Nimbus is responsible for distributing code around the cluster, assigning tasks to machines, and monitoring for failures.


The supervisor listens for work assigned to its machine and starts and stops worker processes as necessary based on what Nimbus has assigned to it. Each worker process executes a subset of a topology


a running topology consists of many worker processes spread across many machines.

A topology is a graph of computation. Each node in a topology contains processing logic, and links between nodes indicate how data should be passed around between nodes.


All coordination between Nimbus and the Supervisors is done through a Zookeeper cluster.

Additionally, the Nimbus daemon and Supervisor daemons are fail-fast and stateless; all state is kept in Zookeeper or on local disk.


Thrift :

Since topology definitions are just Thrift structs, and Nimbus is a Thrift service, you can create and submit topologies using any programming language.

(thrift是一个软件框架,用来进行可扩展且跨语言的服务的开发。它结合了功能强大的软件堆栈和代码生成引擎,以构建在 C++, Java, Python, PHP, Ruby, Erlang, Perl, Haskell, C#, Cocoa, JavaScript, Node.js, Smalltalk, and OCaml 这些编程语言间无缝结合的、高效的服务。)

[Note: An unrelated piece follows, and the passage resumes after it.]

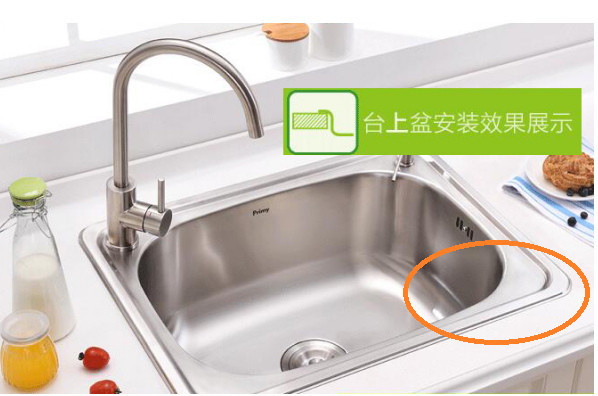 先說好理解的臺上盆,臺上盆安裝方便,后期出問題之后維修也方便;水槽下面留的空間能比臺下盆高3公分左右。只是后期使用中打理起來不太方便,水槽邊和臺面接觸的位置是打玻璃膠封閉的,如果衛生保持的不好,時間一久玻璃膠容易發霉、變黑、水槽翹角、順著縫隙漏水到櫥柜里。

The core abstraction in Storm is the “stream”. A stream is an unbounded sequence of tuples.

Storm provides the primitives for transforming a stream into a new stream in a distributed and reliable way.

spouts & bolts 

The basic primitives Storm provides for doing stream transformations are “spouts” and “bolts”. Spouts and bolts have interfaces that you implement to run your application-specific logic.

A spout is a source of streams (数据流的源头)

A bolt consumes any number of input streams,does some processing, and possibly emits (发送出)new streams.

Bolts can do anything from run functions, filter tuples, do streaming aggregations, do streaming joins, talk to databases, and more.


spouts 和 bolts 组成的网络,就构成了一个topology,这是提交给storm执行的高层次抽象。

A topology is a graph of stream transformations where each node is a spout or bolt.

When a spout or bolt emits a tuple to a stream, it sends the tuple to every bolt that subscribed to that stream.